→ SUPPLIED INFORMATION:
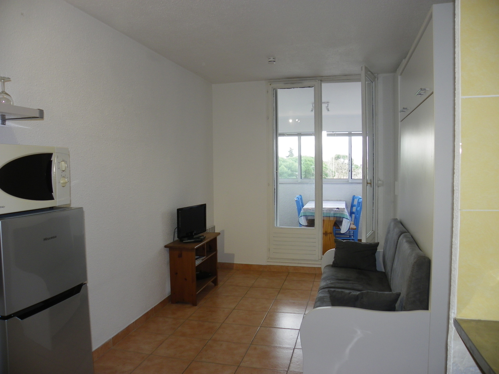 Composé d'un séjour cuisine donnant sur loggia vitrée, salle d'eau renovée,
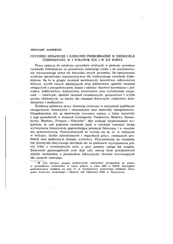 Czynniki sprawcze i kierunki przeobrażeń w rzemiośle Uzbekistanu w 2. połowie XIX i w XX w. / ETNOGRAFIA POLSKA 1968 t.12
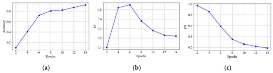Change trends of the evaluation index: (a) the change trend of accuracy, (b) the change trend of FP, and (c) the change trend of FN.

→ WHAT YOU ARE ASKED TO DO: Everything from the line containing "Czynniki sprawcze i" to the last line of the listing above must be reproduced exactly, with no pictures included.

→ ANSWER BELOW:
 Czynniki sprawcze i kierunki przeobrażeń w rzemiośle Uzbekistanu w 2. połowie XIX i w XX w. / ETNOGRAFIA POLSKA 1968 t.12
Change trends of the evaluation index: (a) the change trend of accuracy, (b) the change trend of FP, and (c) the change trend of FN.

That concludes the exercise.